◆ Exercise data:
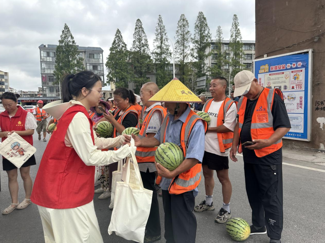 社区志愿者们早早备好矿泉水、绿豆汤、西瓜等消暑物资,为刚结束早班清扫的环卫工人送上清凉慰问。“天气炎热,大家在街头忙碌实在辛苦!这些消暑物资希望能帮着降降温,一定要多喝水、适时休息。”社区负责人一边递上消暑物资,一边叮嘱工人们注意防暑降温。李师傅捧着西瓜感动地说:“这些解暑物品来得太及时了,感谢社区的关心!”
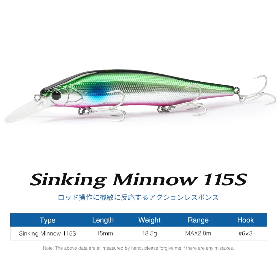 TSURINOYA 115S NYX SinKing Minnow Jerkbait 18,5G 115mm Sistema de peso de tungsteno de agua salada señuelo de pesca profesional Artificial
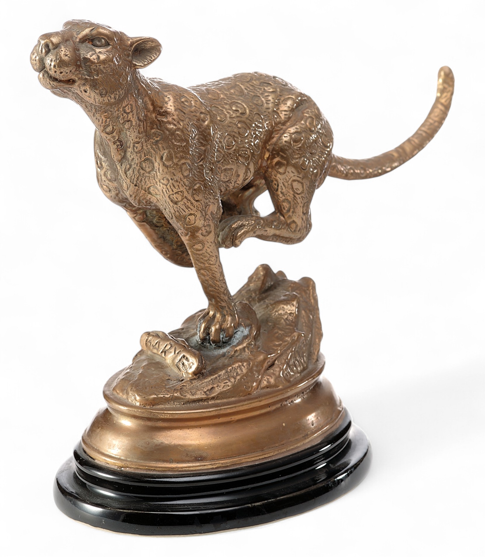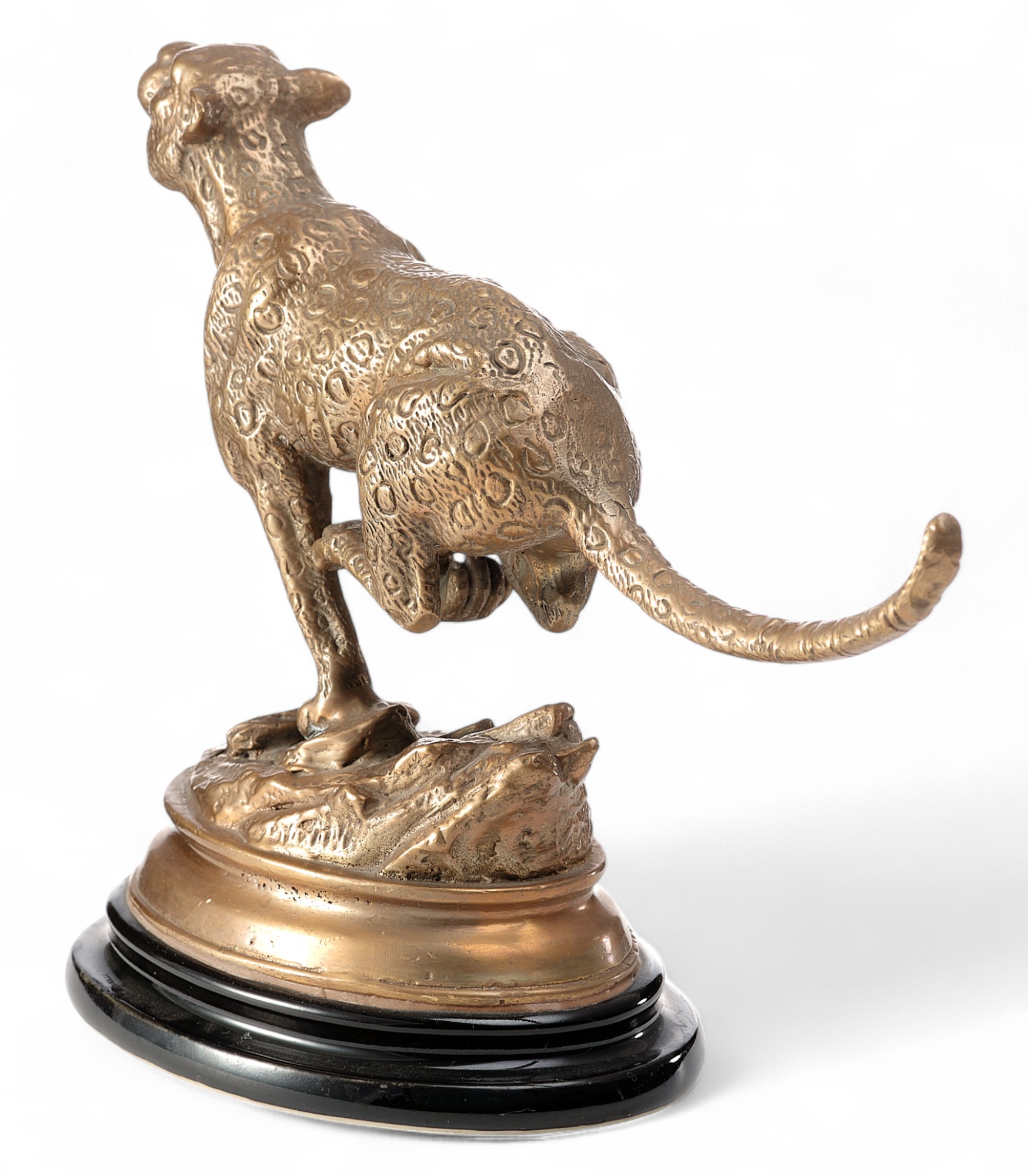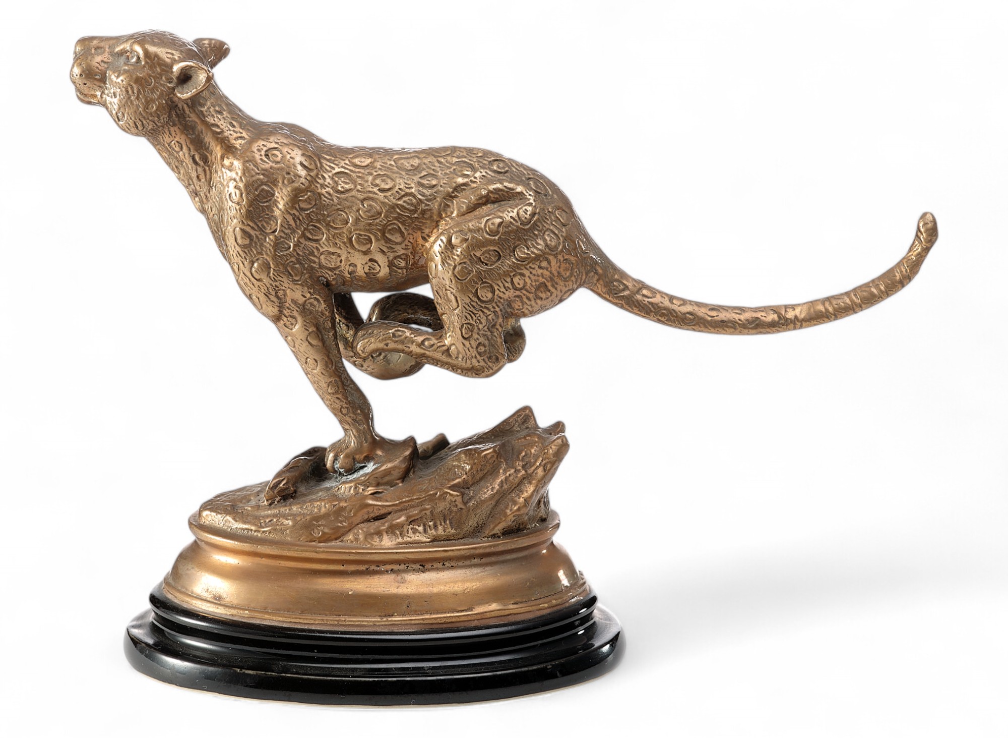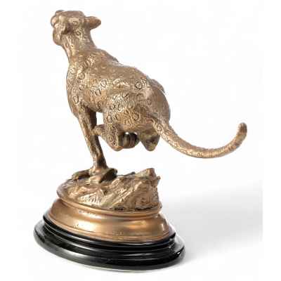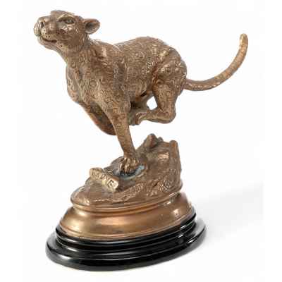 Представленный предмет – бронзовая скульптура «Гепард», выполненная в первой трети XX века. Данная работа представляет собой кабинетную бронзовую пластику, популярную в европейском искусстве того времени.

◆ Action item: Skipping the pictures, transcribe each line above exactly as it appears.

◆ Reply:
 社区志愿者们早早备好矿泉水、绿豆汤、西瓜等消暑物资,为刚结束早班清扫的环卫工人送上清凉慰问。“天气炎热,大家在街头忙碌实在辛苦!这些消暑物资希望能帮着降降温,一定要多喝水、适时休息。”社区负责人一边递上消暑物资,一边叮嘱工人们注意防暑降温。李师傅捧着西瓜感动地说:“这些解暑物品来得太及时了,感谢社区的关心!”
 TSURINOYA 115S NYX SinKing Minnow Jerkbait 18,5G 115mm Sistema de peso de tungsteno de agua salada señuelo de pesca profesional Artificial
 Представленный предмет – бронзовая скульптура «Гепард», выполненная в первой трети XX века. Данная работа представляет собой кабинетную бронзовую пластику, популярную в европейском искусстве того времени.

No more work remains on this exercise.